5. Therapeutic Goods Administration. Australian Product Information - Korsuva (difelikefalin [as acetate]) solution for injection. Department of Health and Aged Care; 2024. [cited 2024 May 28]
6. Topf J, Wooldridge T, McCafferty K, Schomig M, Csiky B, Zwiech R, et al. Efficacy of Difelikefalin for the Treatment of Moderate to Severe Pruritus in Hemodialysis Patients: Pooled Analysis of KALM-1 and KALM-2 Phase 3 Studies. Kidney Med 2022;4:100512.
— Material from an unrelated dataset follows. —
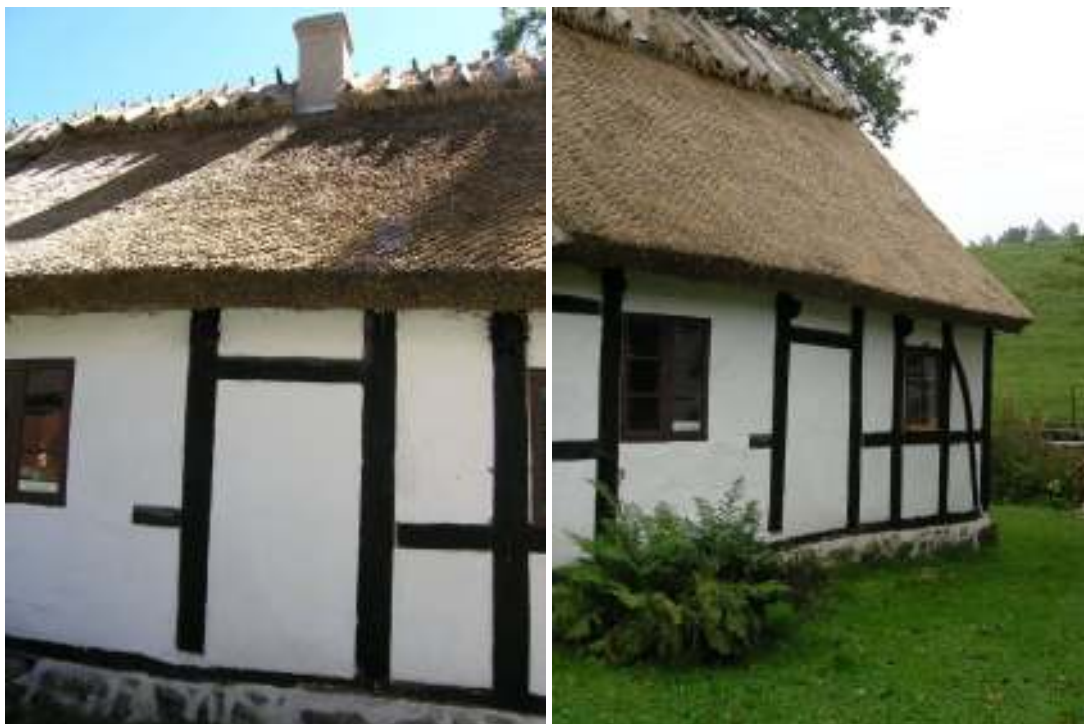
Omlagt taksti på boningsdelens norra takfall.

Halmen som har använts till årets taktäckning kommer delvis från hembygdsförningens egen odling men till övervägande del från Danmark. Hassel till rafterna har i så stor utsträckning som möjligt hämtats lokalt.

7. Fishbane S, Wen W, Munera C, Lin R, Bagal S, McCafferty K, et al. Safety and Tolerability of Difelikefalin for the Treatment of Moderate to Severe Pruritus in Hemodialysis Patients: Pooled Analysis From the Phase 3 Clinical Trial Program. Kidney Med 2022;4:100513.

 The new drug commentaries in Australian Prescriber are prepared by the editors and reviewed by the Editorial Advisory Committee. Some of the views expressed on newly approved products should be regarded as preliminary, as there may be limited published data at the time of publication, and little experience in Australia of their safety or efficacy. However, the Editorial Advisory Committee believes that comments made in good faith at an early stage may still be of value. Before new drugs are prescribed, the Committee believes it is important that more detailed information is obtained from the manufacturer's approved product information, a drug information centre or some other appropriate source.